Of course, loans are not common in commercial litigation funding in the first place. Most are purchases, often prepaid forward purchases. That further diminishes the impact of Novoselsky. In the few loans that come along, professional loan documentation usually includes a non-contingent payment obligation. Novoselsky also warns lawyers not to borrow from clients or anyone else with a stake in the case’s outcome.

Otherwise, there is a risk that a lender’s advance may be re-characterized as an advance payment of compensation. If the lender is a professional funder with no prior interest in the lawsuit, the risk seems low. Still, does Novoselsky warn lawyers that they may face a somewhat greater tax risk than plaintiffs who are similarly situated? Suppose that a plaintiff sells a part of his case under a good prepaid forward contract. It may be awfully difficult for the IRS to find a way to tax the upfront money until the contract closes on the conclusion of the case. But let’s say that only the contingent fee lawyer is the seller under the contract, and the plaintiff is not even participating in the deal.

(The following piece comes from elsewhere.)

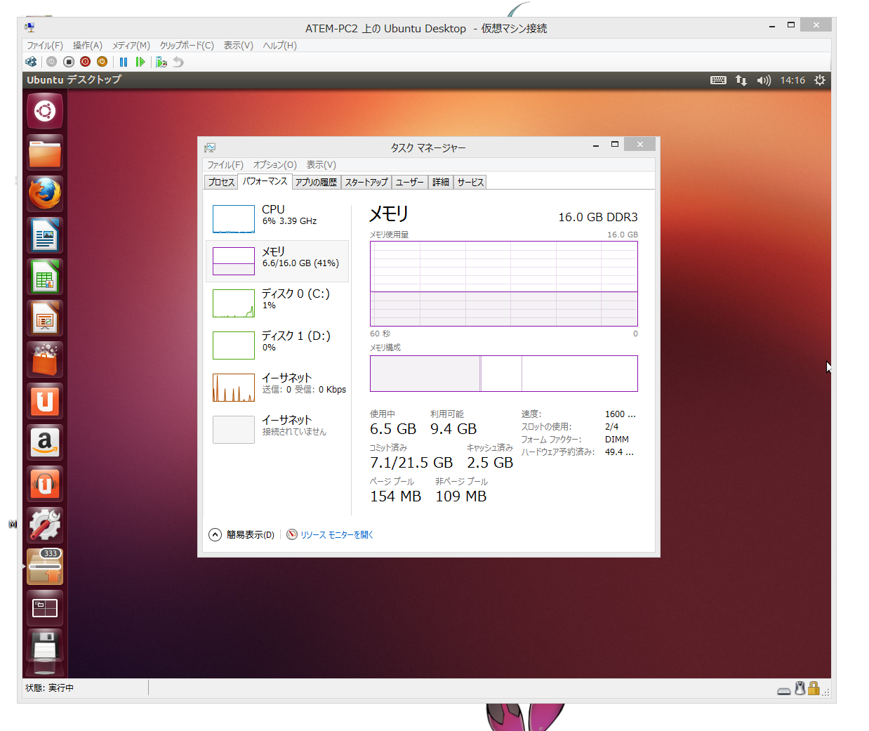 その後、仮想マシンのUbuntuを起動した状態で、Windows側のタスクマネージャーを開いてみました。
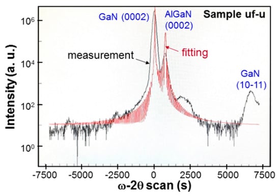 The results of ω-2θ scan in X-ray diffraction (XRD) measurement for sample uf-u. The black (red) curve shows the measurement data (fitting curve).

Let’s say the lawyer is entitled to 40% if the case produces money, and he “sells” his right to half of that fee. Even if the lawyer’s funding deal is documented as a legitimate prepaid forward, it may be more tempting for the IRS to seek ways to attack the arrangement. The lawyer, unlike the plaintiff, is always earning compensation income, so a successful challenge will hit the lawyer with ordinary income. And, of course, the IRS has a long history of going after lawyers to set an example.

Perhaps this is one reason many lawyer funding deals are structured with the plaintiff(s) also participating on some level. It is another reason that the tax timing issues for lawyers may be a little more sensitive than for plaintiffs. In the end, though, the strange case of Novoselsky seems like such a slam dunk for the IRS, and such an obvious loser for the D-I-Y lawyer that it’s also a reminder to all: don’t try this at home.